An interesting problem concerning clinical data and clinical trials queries is that of open versus closed world reasoning. While the former works for reasoning in radiol–ogy and laboratory data, the latter is used in pharmacy data. The authors assert that integrating the open and closed world reasoning is a key issue to resolve.
To be useful, terminologies must be expressive enough to cover a domain, yield reproducible results when implemented by a wide range of end users, and be maintainable through the expenditure of reasonable resources. It may be necessary to map terminologies so that comparisons can be made between specific terms of differing terminologies. Given this background, the literature was reviewed to deter–mine the utility of these terminologies to the cancer checklist use case, including the broader ability to link this use case with similarly structured documents from other domains. No references were found that specifically addressed SNOMED CT’s coverage of the Electronic Cancer Checklist use case. However SNOMED has a long history of use in the field of anatomical pathology, and is currently being reviewed for this coverage as part of an ongoing contract between the CDC and CAP. It should be noted that several studies have analyzed SNOMED CT’s coverage of problem list coding for the general medical use case. For example in [Brown 2006] 1573 terms from the Veteran Affairs (VA) general medical evaluation template were studied. Sensitivity of SNOMED CT as a reference terminology was 63.8%, ranging from 29.3% for history items to 92.4% for exam items. SNOMED CT’s sensitivity as an “interface terminology” was 55.0%.
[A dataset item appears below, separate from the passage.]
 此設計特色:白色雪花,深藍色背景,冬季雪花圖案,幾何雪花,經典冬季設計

[Elkin 2006] reviewed SNOMED CT’s coverage of the 5,000 most frequent Mayo Master Sheet Terms. The investigators used both a NLP interface and browser. SNOMED CT had a sensitivity of 92.3%.
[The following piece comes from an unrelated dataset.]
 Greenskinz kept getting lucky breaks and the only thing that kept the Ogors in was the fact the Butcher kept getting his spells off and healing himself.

[Wasserman 2003] evaluated the scope of SNOMED CT through coding diagnosis and problem lists within a computerized physician order entry (CPOE) system. The study involved the mapping of local synonyms to existing SNOMED CT concepts. The system involved a caregiver selecting a diagnosis either from a list of frequently chosen diagnosis terms or through a free-text query of a subset of SNOMED CT database. In the latter, the user has the ability to view SNOMED CT concepts at their less granular or more granular levels.
The results showed that the majority of terms from these lists were found in SNOMED CT. The authors reported that the concept coverage overall was 98.5% Missing descriptions were considered simple to remedy. While there were relatively few missing concepts, their absence was considered significant and required the generation of a new concept with both single and/or multiple parents. Issues arose when caregivers searched by abbreviations (e.g. BPH) which resulted in the inclusion of new local descriptions to speed the free text query.
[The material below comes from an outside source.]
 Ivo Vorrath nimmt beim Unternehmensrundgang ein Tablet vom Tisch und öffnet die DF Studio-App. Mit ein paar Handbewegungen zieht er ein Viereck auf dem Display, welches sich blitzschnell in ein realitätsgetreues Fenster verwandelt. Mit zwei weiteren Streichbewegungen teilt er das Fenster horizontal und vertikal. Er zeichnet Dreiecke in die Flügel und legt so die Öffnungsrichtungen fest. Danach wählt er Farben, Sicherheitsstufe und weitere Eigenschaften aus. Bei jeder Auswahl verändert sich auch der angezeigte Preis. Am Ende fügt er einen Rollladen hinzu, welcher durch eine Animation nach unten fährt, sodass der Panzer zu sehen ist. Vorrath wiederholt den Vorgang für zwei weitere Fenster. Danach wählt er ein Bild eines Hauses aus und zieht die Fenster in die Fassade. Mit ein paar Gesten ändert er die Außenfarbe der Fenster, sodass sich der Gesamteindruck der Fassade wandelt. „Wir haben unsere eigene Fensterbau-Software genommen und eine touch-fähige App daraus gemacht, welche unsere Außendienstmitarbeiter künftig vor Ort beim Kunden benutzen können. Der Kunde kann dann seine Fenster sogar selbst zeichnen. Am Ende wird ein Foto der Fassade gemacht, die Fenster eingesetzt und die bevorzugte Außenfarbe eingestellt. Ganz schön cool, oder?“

The authors state the benefits of computerized problem lists, such as used in this study, include more readily accessible information as compared to a paper chart and the codified terms can lead to clinical decision support features. A limitation of the study may have included the clinician’s acceptance of terms that did not exactly match the intended meaning.
[Vikström 2007] focused on efforts to map the Swedish version of ICD-10 (ICD-10/KSH97-P) to SNOMED CT. The study involved the exploration and development of mapping rules; evaluation of this inter-coder reliability in the mapping (two coders); and the characteristics in the two coding systems that may hinder high quality mapping. The CLUE browser was used. The paper notes that differences between mapping involving terminologies and classifications are designed based upon the intended use of the map and may be dissimilar for different use cases.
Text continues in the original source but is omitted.